Richard may mean that he over indulged while he was putting wine away, and forget where he put it. Then later, when he accidentally discovered it, it was like magic! :p

I can certainly see your interpretation. But I wanted to highlight the heart pounding excitement, edge of your seat adventure, and certainly international intrigue of wine making.
 
i make mine a little different then most, first for every 6 gallons of water i use 1 qt of lemon juice, that allows a good ferment, nutrients, and energizers EC-1118 AND run my SG as high as i can, then after ferment, i add 5 more quart of lemon to the 6 gallon of water, so you end up with a quart of lemon to the gallon water, rack, to clear and degas, when ready to bottle i use a 6.5 carboy first i add K-meta amd a fifth of pure grain alcohol 190 proof, then i rack my skeeter pee into that 6.5 carboy, then i back sweeten to taste, my taste is a SG of 1.040, taste like lemonade but kicks like a mule, ,, both lemon or pineapple hides the alcohol burn, every wine i bottle of every kind i run through that 6.5 carboy, so you have room to back sweeten, EC-1118 WILL go to 18 to 20 ABV, but i add PGA and you'll sleep like a baby, and i don't drink much, sadly i got tons of friends lol.....
Dawg

Thank you!!! I really appreciate your info!!! My original plan was for a couple months from now, then a couple weeks, and now....THIS WEEK!! I'll stick with the original recipe for my first time to establish a baseline. I've got some Everclear that I use for liqueurs but I'm getting tired of doing that. After a couple years the novelty has finally warn off. Thanks again. You're the man!
 
www.homebrewohio.com
they seem to have bottles, decent prices and free shipping if over $60 i think,,, just in case you or anyone was to need
Skoal
Dawg

I agree! After a lot of price comparison they are pretty darn good. My orders have been 2nd day Fedex. A lot cheaper than amazon for sure. I hope to visit in person the next time I go to Firelands Winery thats down the road.
 
At the end of the year when grapes come in I’m going to pretty much just do Zinfandel this year, already got it planned. I will be making 200 gallons of Zinfandel only because that’s the cap that I can legally make.

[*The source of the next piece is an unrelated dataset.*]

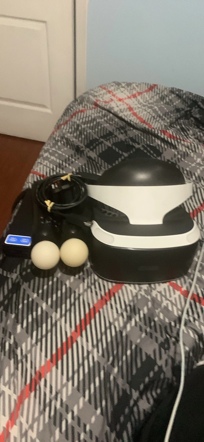 PlayStation VR headset, two controllers, and processing unit. Great for immersive gaming experiences.

I made zin last year and it turned out so well that it convinced me to double down on Zinfandel this year.
 
I made zin last year and it turned out so well that it convinced me to double down on Zinfandel this year.
Have you considered blends? A group of guys I knew got their CA grapes by train, and each had his own recipe, which was typically Zin-based, e.g., 10 boxes Zin, 2 boxes Muscat, 1 box Alicante, etc.
 
Have you considered blends? A group of guys I knew got their CA grapes by train, and each had his own recipe, which was typically Zin-based, e.g., 10 boxes Zin, 2 boxes Muscat, 1 box Alicante, etc.
I have considered a blend but I tend to prefer single varietal wines, I have access to a really good Zinfandel vineyard with 30 year old vines so I felt that blending it would be a misuse of the grapes.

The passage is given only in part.